We are conditioned to think “undergraduate” when we hear the words “college student.” When we think of growing our university to more ably serve a greater number of students you can feel the predisposition building, we are thinking of freshman or undergraduate transfer students.
Thinking only freshman works well for community colleges, and regional universities, but falls dangerously short of mission attainment when thinking “public research university.” We need to covet the best graduate students and recruit like our collective lives depended on them.
We do.
More students are not the issue – more excellent students are, and at least one in four must be in graduate programs. This is not a comfortable thought for many, but we should get used to it if we want a truly great research university that serves Southern Illinois best.
Such a perspective elevates, not diminishes, the importance of undergraduate education.
Many forces impact our ability to attract the brightest graduate students. Stipends, insurance benefits, tuition waivers, and other forms of financial support are important to effective results. However, if the University’s response to the challenge stops there, a key ingredient of graduate student life is lost.

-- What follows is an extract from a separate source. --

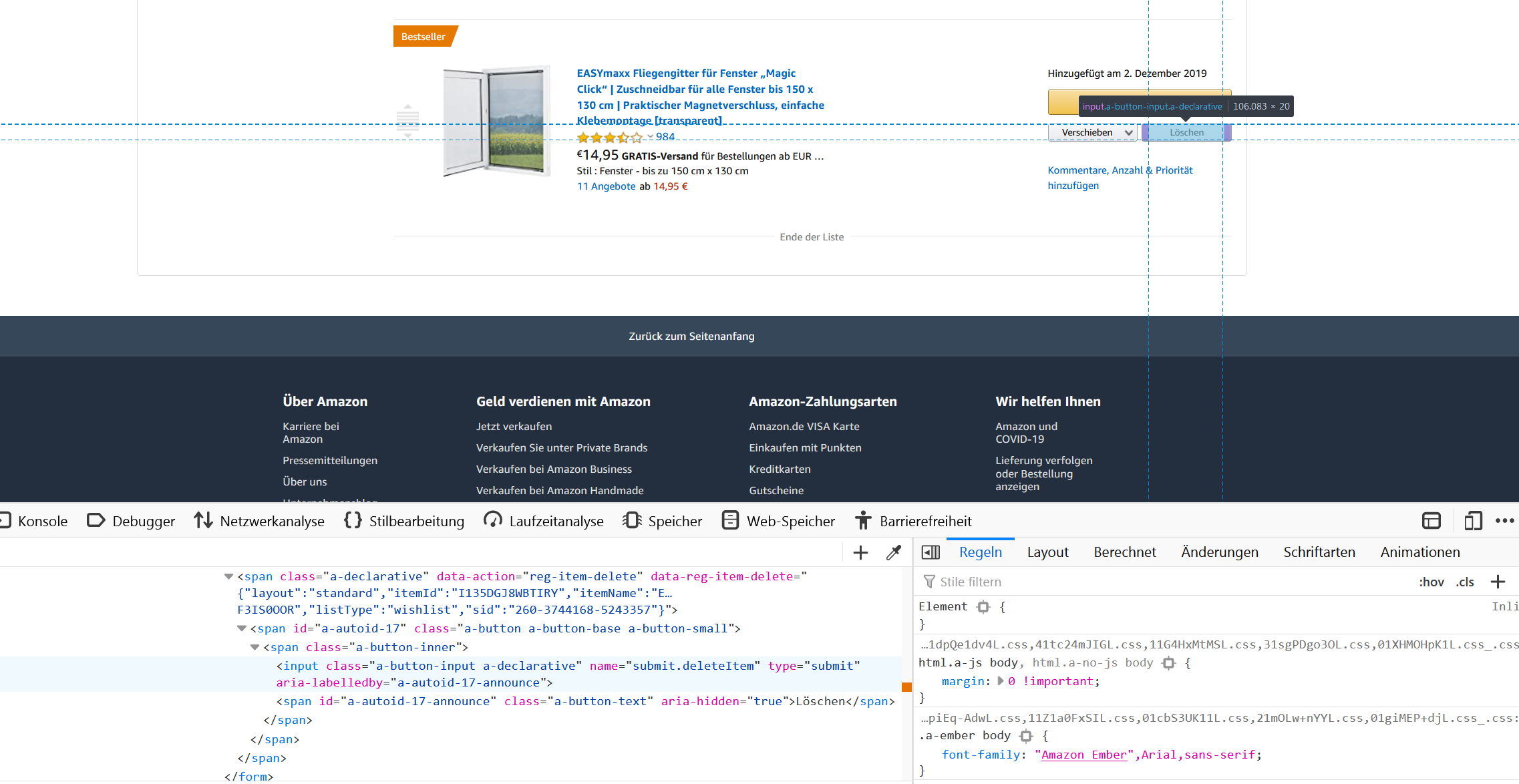 Beachte aber, dass mit dieser Regel nicht nur die Schaltfläche "Löschen" angesprochen wird, sondern beispielsweise auch die Schaltflächen "In den Einkaufswagen" und "Weitere wie diese".

Graduate students come to the university, in almost all cases, to become members of the academic community, if only for a brief period of time. Limiting graduate students to teaching additional sections of lower division course work, while potentially beneficial for institution and student alike, may be shortsighted in the long term evolution of graduate programs and general university excellence.

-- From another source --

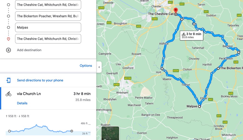 From the pub, the official route was a circular 35 miles to Malpas and back, but some of the group had cycled from home. The ride leader, Mark, a retired Paediatrician, had cycled all the way from Wallasey (I think?) which would have added another 20+ miles on each way! And another guy who introduced himself, Ali, did a whopping 94 in total. That would have been seriously intimidating but luckily a lot of the group had put their bikes in the car and driven over. My route along the tow path added another 3 to the base total, so that was a little extra.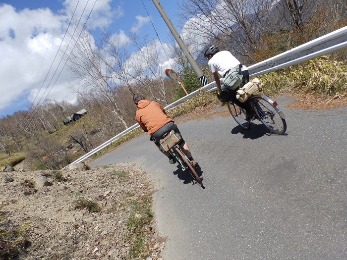 下りに備えてブレーキの利き具合を調整しておられます。↑

Quality is evidenced in many ways but for scholarly enterprises – like our university -quality is measured by significant, peer reviewed and recognized, intellectual work. Research, creative activity, service for purpose, moving the social fabric further and higher in a way that it is widely recognized, builds reputation. Reputation is fertile ground for growth. In a business like a university people vote with their feet and follow academic reputation. Nothing else really works.
A significant barometer of the quality of peer reviewed work is research funding from the best federal agencies, the National Science Foundation and the National Institutes of Health, are two examples.
There are clubs to which universities belong based on how much peer reviewed, federally funded, research they attain. Our University joined the $20 million club a few years ago. It is a good one. Only a few hundred public and private research universities make the grade of procuring more than $20 million in federal funding.
This is a high water mark for Southern as it indicates a level of excellence in intellectual work not common. We have beaten the national averages in research growth and are gaining ground. This progress fuels economic development activity, new business start-ups, and perpetuates our ability to attract better faculty, and better graduate students. There are no short cuts, no programs, no end-arounds when it comes to a research university’s reputation. It is all about quality measured by peers, and graduate students are a key ingredient.
Henry Rosovsky, former dean of the faculty of arts and sciences at Harvard said it plainly, “Graduate students are the faculty’s young disciples who ensure the continuity of learning”.
Southern will only increase in stature as it recognizes and values graduate students as intellectual soul mates, and one of the pillars of excellence at our university.